Растерянная генеральша с радостию согласилась.
— Да, да, — заговорила она, — конечно, жаркое пригодится.
И с этим её превосходительство, остановив за руку Петра Иванова, который хотел уносить индюка, сказала ему:
— Позволь, позволь, батюшка: ты деньги получил, а индюк мой. Дай мне сахарной бумаги, чтобы завернуть.
Пётр Иванов отказал, но мать встала с своего места, пересыпала рублёный сахар из бумажного картуза в холщовый мешочек и передала её Борису, который тут же мастерски увернул индюка и вручил его непосредственно самой генеральше. Встреча с этою гордою дамой, её надутый вид и метаморфозы, которые происходили с нею в течение нескольких минут, были для меня предметом немалого удивления.

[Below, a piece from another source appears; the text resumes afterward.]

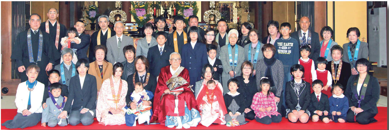
第48回初参式・第18回入園・入学奉告式。

С этих пор я при виде всякого земного величия постоянно не мог отучиться задавать себе вопрос: а как бы держало себя это величие пред индюком и запертыми воротами?
Это невинное событие преисполнило юную душу мою неулегающимися волнами сомнения и потом во многих случаях моей жизни служило мне соблазном и камнем преткновения, о который я спотыкался и довольно больно разбивал себе нос.
Тотчас по отъезде генеральши в нашей компании начались на её счет самые злые насмешки, из чего я тогда же вывел для себя, сколь невыгодно выходить из собрания первым, а не последним. Из этой же беседы мне впервые уяснилось, что такое называется чванством, фанфаронством и другими именами. Но в конце этого разговора матушка, однако, обратила Борисово внимание на то, что хорош же, мол, однако, и твой Пётр Иванов, — какой он мошенник! — Борис по этому поводу пустился в бесконечные рассказы о том, что придорожному человеку, а тем более дворнику никогда верить нельзя, будь он хоть самый честнейший человек, ибо на больших дорогах… Тут он начал рассказывать разные страсти, слушая которые я заснул.